The Citroën C3 Rally2 (originally known as the Citroën C3 R5) is a rally car built by Citroën World Rally Team. It is based upon the Citroën C3 road car and is built to R5 regulations. The car made its début at the 2018 Tour de Corse where it was driven by the French crews of Stéphane Lefebvre and Gabin Moreau, and Yoann Bonato and Benjamin Boulloud.

Background
In early 2017, Citroën began the development of the C3 R5. The C3 would be designed to improve on the previous offerings of Groupe PSA in the R5 discipline, the Peugeot 208 T16 and the Citroën DS3 R5, both of which proved problematic and unpopular with R5 customers.
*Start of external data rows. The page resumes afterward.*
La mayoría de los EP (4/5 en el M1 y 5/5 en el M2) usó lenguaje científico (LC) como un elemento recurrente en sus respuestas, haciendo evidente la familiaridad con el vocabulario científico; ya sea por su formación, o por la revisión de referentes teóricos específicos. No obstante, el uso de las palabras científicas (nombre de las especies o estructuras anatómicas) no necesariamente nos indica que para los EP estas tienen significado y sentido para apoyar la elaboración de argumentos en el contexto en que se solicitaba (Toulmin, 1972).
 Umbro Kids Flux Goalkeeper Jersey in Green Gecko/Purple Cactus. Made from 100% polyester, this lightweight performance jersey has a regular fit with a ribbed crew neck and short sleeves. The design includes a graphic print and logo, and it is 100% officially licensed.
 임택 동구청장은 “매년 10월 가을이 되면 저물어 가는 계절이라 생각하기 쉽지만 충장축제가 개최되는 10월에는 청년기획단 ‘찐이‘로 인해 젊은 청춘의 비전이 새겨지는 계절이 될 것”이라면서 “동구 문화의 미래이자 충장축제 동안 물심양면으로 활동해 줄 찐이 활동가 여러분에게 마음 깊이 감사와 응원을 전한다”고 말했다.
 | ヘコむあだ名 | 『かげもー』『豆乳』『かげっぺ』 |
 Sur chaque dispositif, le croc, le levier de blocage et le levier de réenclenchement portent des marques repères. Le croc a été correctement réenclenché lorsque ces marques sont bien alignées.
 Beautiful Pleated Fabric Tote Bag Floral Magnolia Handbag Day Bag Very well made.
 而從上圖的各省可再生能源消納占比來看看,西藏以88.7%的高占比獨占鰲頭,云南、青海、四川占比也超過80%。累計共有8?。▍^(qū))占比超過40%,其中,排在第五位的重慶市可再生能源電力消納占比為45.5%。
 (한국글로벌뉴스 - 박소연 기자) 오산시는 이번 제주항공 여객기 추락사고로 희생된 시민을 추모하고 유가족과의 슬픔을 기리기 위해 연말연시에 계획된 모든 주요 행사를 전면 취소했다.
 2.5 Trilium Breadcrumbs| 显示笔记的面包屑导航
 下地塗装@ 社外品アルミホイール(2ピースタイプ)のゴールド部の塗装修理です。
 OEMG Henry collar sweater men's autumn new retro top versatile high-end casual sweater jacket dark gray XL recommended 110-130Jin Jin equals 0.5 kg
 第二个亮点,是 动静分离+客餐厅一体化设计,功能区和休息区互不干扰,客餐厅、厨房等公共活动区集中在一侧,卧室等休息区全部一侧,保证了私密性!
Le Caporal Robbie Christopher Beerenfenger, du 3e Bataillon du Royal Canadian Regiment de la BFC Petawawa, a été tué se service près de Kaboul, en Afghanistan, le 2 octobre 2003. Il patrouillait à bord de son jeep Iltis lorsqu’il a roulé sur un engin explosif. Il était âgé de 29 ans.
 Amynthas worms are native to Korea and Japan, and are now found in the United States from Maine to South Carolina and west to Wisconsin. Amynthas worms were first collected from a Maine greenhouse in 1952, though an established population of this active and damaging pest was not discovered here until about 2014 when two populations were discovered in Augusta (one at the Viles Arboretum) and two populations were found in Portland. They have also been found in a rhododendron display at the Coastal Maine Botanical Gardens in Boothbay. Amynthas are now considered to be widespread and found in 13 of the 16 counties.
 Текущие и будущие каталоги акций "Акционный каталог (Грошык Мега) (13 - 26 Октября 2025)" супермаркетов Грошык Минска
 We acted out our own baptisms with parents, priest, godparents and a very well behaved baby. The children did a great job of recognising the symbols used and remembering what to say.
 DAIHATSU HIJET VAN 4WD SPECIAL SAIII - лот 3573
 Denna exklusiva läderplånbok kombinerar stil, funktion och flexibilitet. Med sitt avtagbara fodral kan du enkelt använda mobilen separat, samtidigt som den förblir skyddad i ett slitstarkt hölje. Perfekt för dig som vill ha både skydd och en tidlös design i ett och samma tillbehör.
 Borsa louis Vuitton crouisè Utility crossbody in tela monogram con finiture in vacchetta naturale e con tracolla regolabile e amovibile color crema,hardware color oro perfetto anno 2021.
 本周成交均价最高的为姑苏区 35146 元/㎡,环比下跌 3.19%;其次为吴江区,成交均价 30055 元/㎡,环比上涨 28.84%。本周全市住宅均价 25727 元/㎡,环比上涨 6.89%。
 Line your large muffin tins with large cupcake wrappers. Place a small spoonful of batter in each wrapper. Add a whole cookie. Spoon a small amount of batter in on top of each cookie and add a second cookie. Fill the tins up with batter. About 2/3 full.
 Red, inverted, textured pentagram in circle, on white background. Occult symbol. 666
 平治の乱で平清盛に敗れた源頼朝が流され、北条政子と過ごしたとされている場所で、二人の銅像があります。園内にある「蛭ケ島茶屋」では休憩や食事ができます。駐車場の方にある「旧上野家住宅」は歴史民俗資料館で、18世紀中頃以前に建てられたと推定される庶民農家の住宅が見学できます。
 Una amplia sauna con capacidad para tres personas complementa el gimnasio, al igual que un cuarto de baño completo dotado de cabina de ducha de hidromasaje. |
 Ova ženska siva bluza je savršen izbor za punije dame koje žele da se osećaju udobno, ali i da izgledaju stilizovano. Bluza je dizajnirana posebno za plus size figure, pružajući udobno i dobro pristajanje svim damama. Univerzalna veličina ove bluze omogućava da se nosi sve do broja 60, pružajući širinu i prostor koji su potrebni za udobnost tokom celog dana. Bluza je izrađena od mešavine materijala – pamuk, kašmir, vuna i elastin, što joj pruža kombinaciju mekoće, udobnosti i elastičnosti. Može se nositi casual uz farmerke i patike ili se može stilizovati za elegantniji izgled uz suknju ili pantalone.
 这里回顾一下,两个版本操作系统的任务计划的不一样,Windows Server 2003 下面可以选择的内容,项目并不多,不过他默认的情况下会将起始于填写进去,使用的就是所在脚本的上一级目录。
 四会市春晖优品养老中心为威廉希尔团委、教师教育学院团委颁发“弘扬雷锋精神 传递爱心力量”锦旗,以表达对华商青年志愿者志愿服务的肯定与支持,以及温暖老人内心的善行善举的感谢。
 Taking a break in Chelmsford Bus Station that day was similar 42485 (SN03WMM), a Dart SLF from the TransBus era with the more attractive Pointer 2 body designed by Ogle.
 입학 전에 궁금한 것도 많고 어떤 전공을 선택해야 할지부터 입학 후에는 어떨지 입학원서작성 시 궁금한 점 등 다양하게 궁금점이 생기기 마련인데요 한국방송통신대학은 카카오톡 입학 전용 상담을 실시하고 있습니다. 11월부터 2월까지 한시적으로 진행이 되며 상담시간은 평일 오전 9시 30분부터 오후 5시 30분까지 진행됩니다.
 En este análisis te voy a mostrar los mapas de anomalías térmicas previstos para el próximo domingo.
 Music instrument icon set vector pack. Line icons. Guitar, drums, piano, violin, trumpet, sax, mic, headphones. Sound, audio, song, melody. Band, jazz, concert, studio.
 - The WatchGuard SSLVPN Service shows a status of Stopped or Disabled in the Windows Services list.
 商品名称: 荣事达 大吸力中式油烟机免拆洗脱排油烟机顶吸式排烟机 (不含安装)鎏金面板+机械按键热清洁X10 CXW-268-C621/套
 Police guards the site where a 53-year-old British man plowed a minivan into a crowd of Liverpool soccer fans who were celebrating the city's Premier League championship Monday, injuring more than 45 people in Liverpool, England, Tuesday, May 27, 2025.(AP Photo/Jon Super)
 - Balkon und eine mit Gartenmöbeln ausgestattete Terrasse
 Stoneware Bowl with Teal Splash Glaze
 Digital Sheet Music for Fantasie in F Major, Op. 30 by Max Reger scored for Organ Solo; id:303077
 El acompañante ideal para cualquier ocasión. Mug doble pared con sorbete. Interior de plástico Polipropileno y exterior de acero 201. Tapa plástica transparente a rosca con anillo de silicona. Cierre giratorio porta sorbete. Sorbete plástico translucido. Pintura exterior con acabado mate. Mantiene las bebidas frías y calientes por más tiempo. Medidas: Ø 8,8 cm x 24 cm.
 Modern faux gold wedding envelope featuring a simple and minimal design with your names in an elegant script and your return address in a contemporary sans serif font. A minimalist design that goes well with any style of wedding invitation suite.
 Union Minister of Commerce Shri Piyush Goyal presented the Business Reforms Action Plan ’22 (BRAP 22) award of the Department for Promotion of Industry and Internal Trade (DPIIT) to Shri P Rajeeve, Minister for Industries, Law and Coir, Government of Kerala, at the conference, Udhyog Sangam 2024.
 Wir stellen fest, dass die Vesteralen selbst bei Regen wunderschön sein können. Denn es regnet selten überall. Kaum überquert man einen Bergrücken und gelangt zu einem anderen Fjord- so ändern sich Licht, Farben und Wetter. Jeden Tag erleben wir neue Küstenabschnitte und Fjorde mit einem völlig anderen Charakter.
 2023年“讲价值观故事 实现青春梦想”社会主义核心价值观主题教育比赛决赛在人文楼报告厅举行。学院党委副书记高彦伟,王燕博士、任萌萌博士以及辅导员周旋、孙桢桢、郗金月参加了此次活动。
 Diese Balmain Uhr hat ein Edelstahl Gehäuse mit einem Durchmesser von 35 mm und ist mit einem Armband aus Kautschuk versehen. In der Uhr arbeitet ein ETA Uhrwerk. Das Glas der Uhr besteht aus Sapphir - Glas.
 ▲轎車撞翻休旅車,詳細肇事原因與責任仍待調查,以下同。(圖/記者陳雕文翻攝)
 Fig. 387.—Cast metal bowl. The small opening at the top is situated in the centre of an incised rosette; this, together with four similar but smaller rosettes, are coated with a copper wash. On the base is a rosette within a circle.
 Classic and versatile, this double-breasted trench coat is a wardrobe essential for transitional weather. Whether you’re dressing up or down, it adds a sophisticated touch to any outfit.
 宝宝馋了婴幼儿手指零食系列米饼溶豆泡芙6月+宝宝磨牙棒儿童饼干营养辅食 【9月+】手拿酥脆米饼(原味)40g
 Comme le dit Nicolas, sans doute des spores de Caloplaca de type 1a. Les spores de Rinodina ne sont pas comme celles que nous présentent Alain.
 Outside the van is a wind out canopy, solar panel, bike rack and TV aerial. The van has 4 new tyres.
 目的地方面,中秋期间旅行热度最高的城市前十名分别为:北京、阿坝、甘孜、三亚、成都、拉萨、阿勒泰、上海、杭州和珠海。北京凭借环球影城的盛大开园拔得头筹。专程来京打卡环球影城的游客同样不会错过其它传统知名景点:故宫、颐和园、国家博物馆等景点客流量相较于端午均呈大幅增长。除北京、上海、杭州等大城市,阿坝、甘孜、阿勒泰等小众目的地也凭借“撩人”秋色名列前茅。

The C3 had little relation to its predecessor, the DS3.

Development
Throughout summer 2017, Citroën Racing Technologies employed factory Citroën drivers Stéphane Lefebvre and Craig Breen as part of the development team for the C3, along with Yoann Bonato, who was hired for the project. The first working model was completed in September of 2017, and a month later the test C3 made its public debut at the Rallye du Var, with Bonato driving a few stages as a non-competitive entrant to the rally.

Competition
The Citroën C3 R5 passed international homologation on 1 January 2018, and was now ready for competition. It made its competitive rallying debut at the Tour de Corse in April of that year, with Yoann Bonato taking second place in the WRC-2 class, and 10th overall in the rally.

Including the original test cars, a total of 26 C3 R5s had been constructed by 1 May 2019, with 22 having been sold to independent teams. In the hands of Yoann Bonato, the C3 R5 won the French Rally Championship in 2018, and continues to be used by the Citroën World Rally Team in the WRC-2 Pro class of the World Rally Championship, in the hands of Mads Østberg. Østberg would give the C3 R5 its first World Championship-level victory at the 2019 Rally Argentina. Although Citroën withdrew from the World Rally Championship in 2020, it continued as a manufacturer team in the WRC-2 and made the C3 R5 available to privateer teams in the WRC-3.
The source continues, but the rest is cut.